— Task item —
Below, find the line containing "Revised Date sheet For" and the line containing "Funda de Cuero"; reproduce exactly those two and every line between them, omitting pictures.

— Provided records —
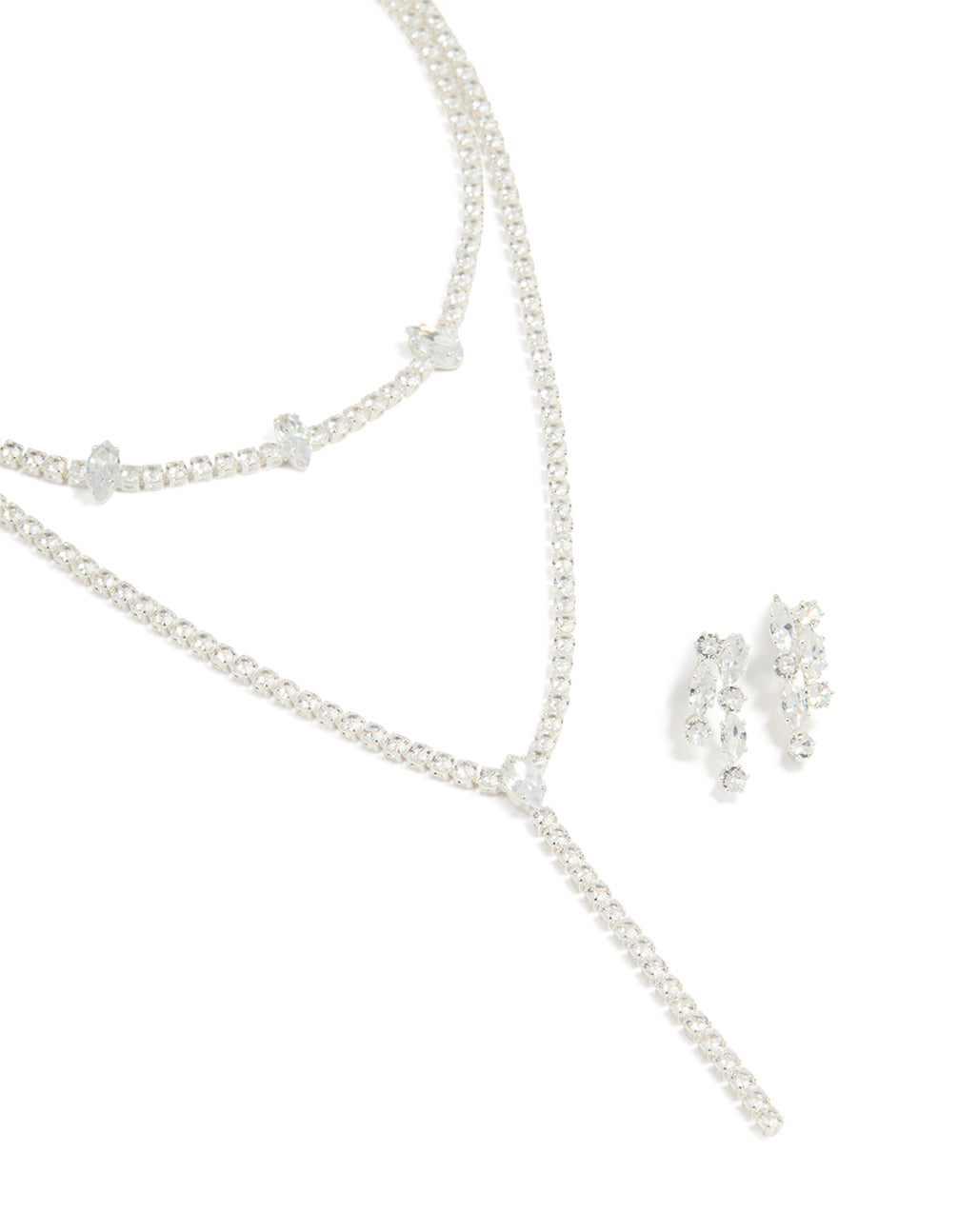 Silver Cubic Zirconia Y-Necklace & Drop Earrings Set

--

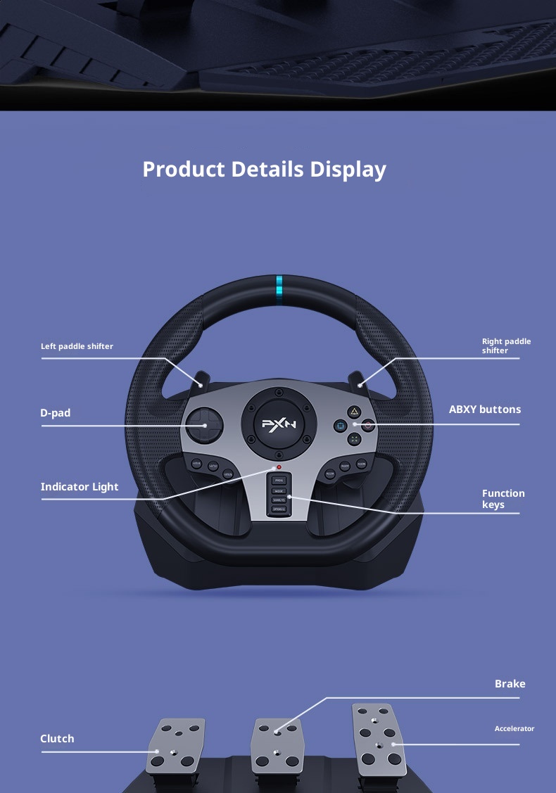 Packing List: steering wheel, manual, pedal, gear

...

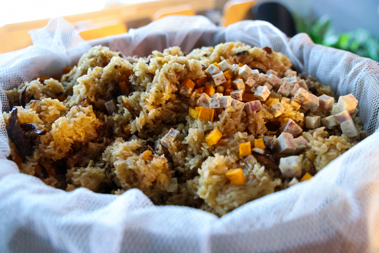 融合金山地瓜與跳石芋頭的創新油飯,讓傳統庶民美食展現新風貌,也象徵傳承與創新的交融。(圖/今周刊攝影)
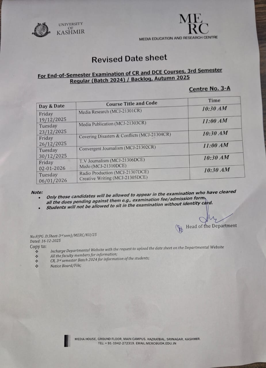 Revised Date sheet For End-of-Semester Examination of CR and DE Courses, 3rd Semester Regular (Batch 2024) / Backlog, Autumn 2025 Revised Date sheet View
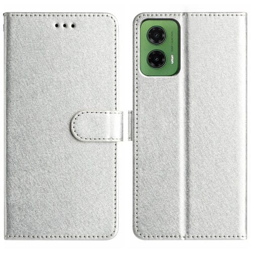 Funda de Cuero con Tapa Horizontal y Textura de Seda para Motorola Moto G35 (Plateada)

— Solved exercise —
 Revised Date sheet For End-of-Semester Examination of CR and DE Courses, 3rd Semester Regular (Batch 2024) / Backlog, Autumn 2025 Revised Date sheet View
 Funda de Cuero con Tapa Horizontal y Textura de Seda para Motorola Moto G35 (Plateada)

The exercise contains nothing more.